BERIKABARNEWS l – Pernah membayangkan berada langsung di dalam suasana film Natal ala Hallmark? Kini hal itu bukan sekadar imajinasi. Negara bagian Connecticut, Amerika Serikat, resmi meluncurkan Christmas Movie Trail, jalur wisata tematik yang mengajak pengunjung menelusuri lokasi syuting film-film Natal populer.
Meski judul-judul seperti Christmas at Pemberley Manor tak pernah masuk nominasi Oscar, pesonanya justru terletak pada kehangatan cerita dan visual yang ikonik. Connecticut tercatat menjadi lokasi syuting sedikitnya 22 film Natal, dengan latar kota-kota kuno, salju musim dingin, serta rumah-rumah berdekorasi khas liburan.
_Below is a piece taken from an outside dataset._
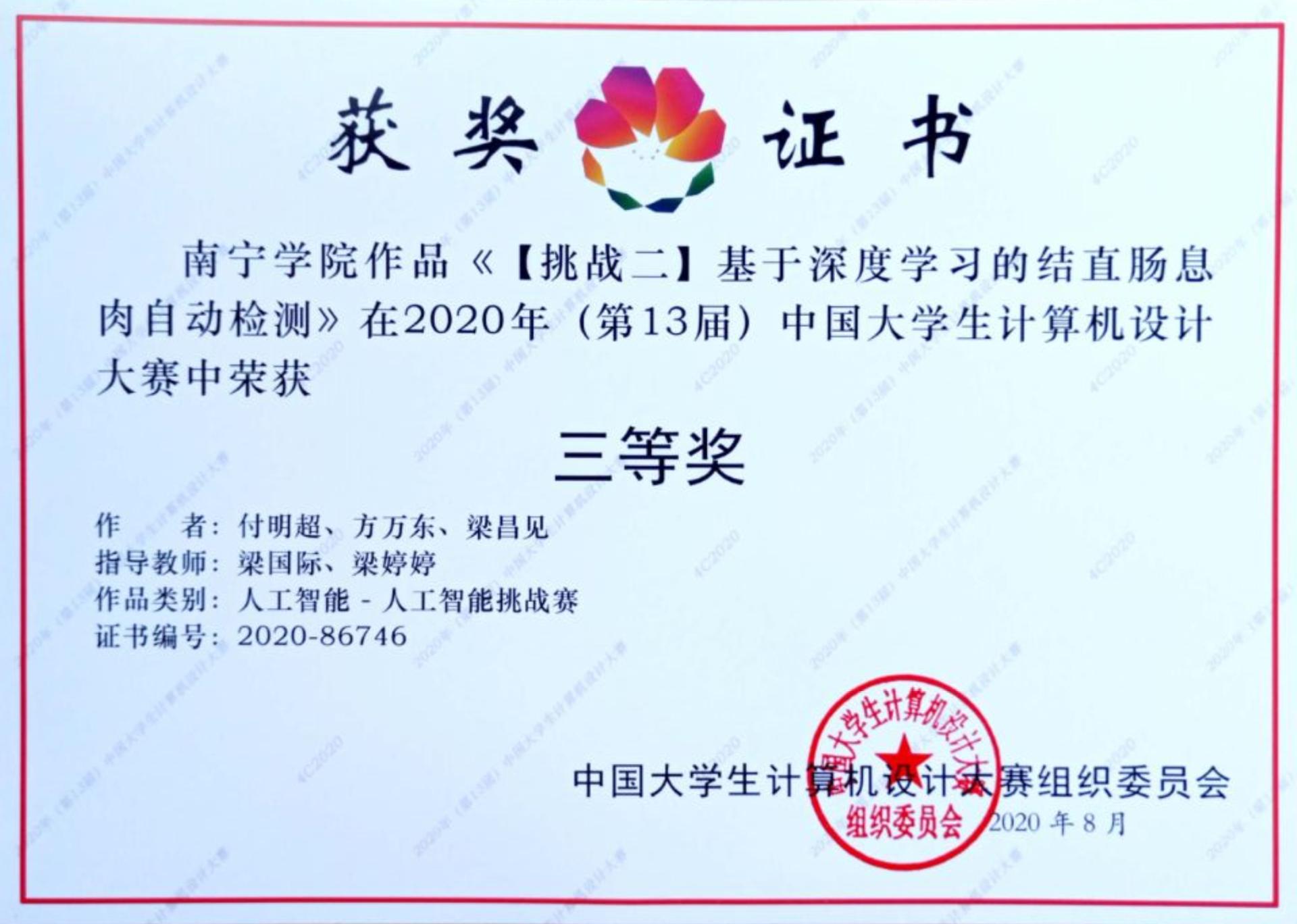 在日前结束的2020年(第13届)中国大学生计算机设计大赛中,qm球盟会信息工程学院梁婷婷、霍思聪、梁国际三位老师指导的《基于GEP算法的新冠病毒感染预测模型》、《基于深度学习的结直肠息肉自动检测》两个项目获得该赛事人工智能挑战赛全国决赛三等奖。

Wisata Natal Diserbu Penggemar Film
Antusiasme wisatawan terhadap Christmas Movie Trail terbilang tinggi. Program Hallmark Movie Christmas Tour bahkan habis terjual hanya dalam dua pekan. Pesertanya didominasi perempuan yang datang dari berbagai negara bagian, termasuk Carolina Selatan, demi menyaksikan langsung lokasi yang selama ini hanya mereka lihat di layar televisi.
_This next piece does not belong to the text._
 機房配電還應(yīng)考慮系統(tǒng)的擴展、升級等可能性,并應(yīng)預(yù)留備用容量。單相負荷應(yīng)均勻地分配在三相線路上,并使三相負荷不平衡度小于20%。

Salah satu titik paling populer adalah Wethersfield, kota bersejarah dengan bangunan abad ke-17 yang menjadi lokasi syuting film Christmas on Honeysuckle Lane. Di sana, wisatawan bisa menikmati santap siang di Heirloom Market, tempat asli yang juga muncul dalam film.
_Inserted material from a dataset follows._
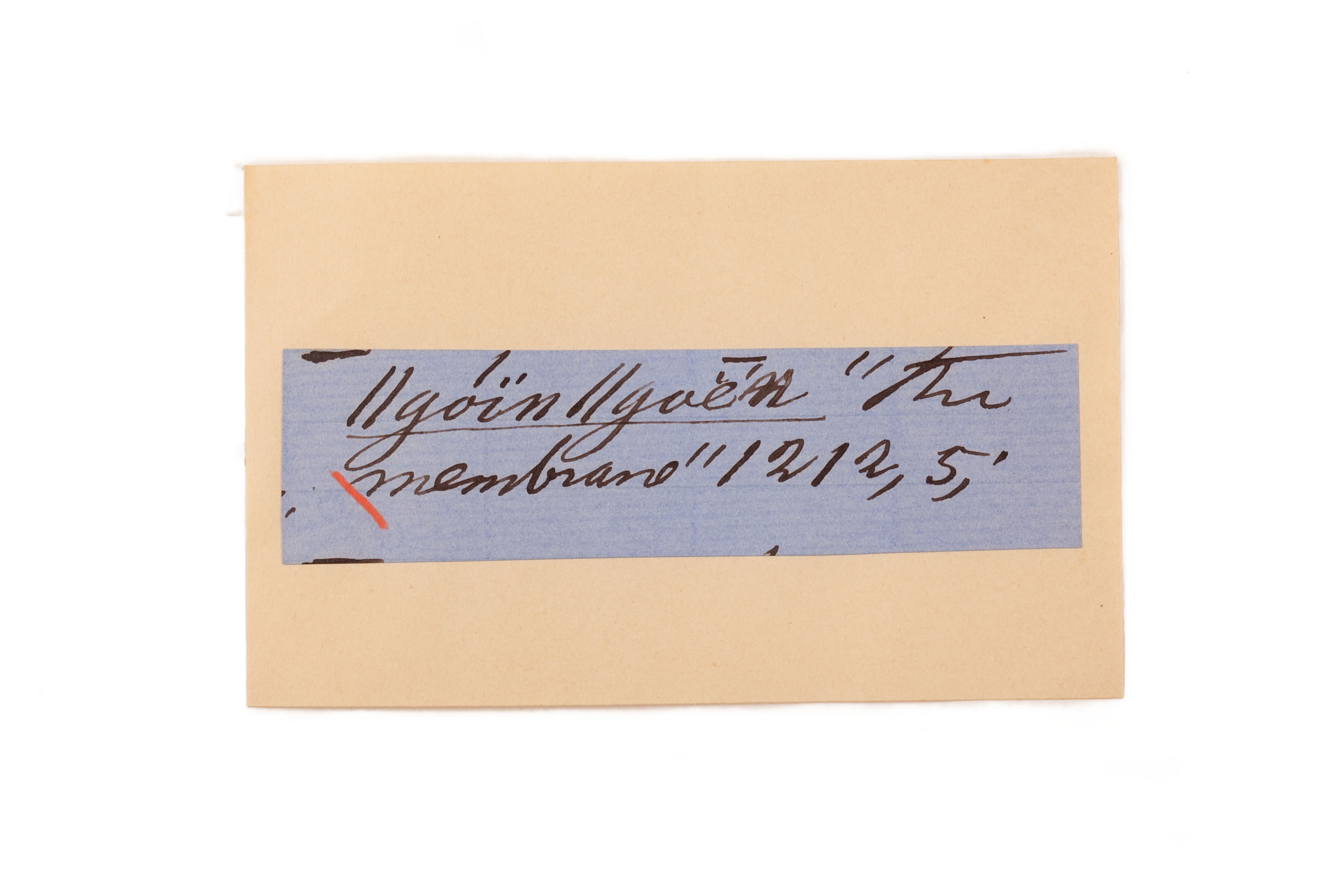 ink on blue paper glued on card

“Rasanya menyenangkan melihat langsung lokasi yang ada di film. Pengalamannya benar-benar terasa nyata,” ujar Abby Rumfelt, salah satu peserta tur.
Rahasia Sukses Film Natal Hallmark
Popularitas film-film Natal ini tak lepas dari unsur kenyamanan dan nostalgia. Berdasarkan data Nielsen, film liburan Hallmark telah menjangkau lebih dari 24 juta penonton musim ini, sementara Lifetime mencatat 23 juta penonton sepanjang tahun lalu.
Penulis buku ’Tis the Season TV, Joanna Wilson, menyebut Hallmark menemukan “tambang emas” sejak 2006 melalui formula sederhana: tokoh utama kembali ke kampung halaman, kisah cinta lama yang bersemi, hingga kehadiran sosok misterius yang identik dengan Natal.
Baca Juga : Viral di Medsos, Rumah di Teluk Air Tawar Jadi Ikon Harmoni Natal
Dampak Ekonomi dan Strategi Branding
Industri film Natal diperkirakan menghasilkan ratusan juta dolar setiap tahun, dengan sekitar 100 film Natal baru dirilis setiap musim oleh jaringan televisi kabel dan platform streaming.
Bagi Connecticut, Christmas Movie Trail bukan sekadar atraksi wisata, melainkan bagian dari strategi rebranding daerah. Kepala pemasaran negara bagian, Anthony M. Anthony, menyebut lokasi syuting film sebagai sarana efektif memperkenalkan komunitas lokal.
“Tidak ada cara yang lebih baik untuk menonjolkan tempat tinggal kami selain menjadikannya latar sebuah film,” ujarnya.
Nostalgia yang Menghangatkan
Meski sempat diwarnai perdebatan soal insentif pajak industri film, minat publik terhadap film Natal tetap tinggi. Bagi Hazel Duncan (83), film-film tersebut menghadirkan kembali kenangan masa muda yang hangat.
“Kami sering berpegangan tangan saat menontonnya. Itu momen kebersamaan yang sederhana dan manis,” tuturnya.
Melalui Christmas Movie Trail, Connecticut membuktikan bahwa film Natal yang sederhana mampu menggerakkan pariwisata, mendongkrak ekonomi, sekaligus menghadirkan kehangatan emosional bagi jutaan penggemarnya.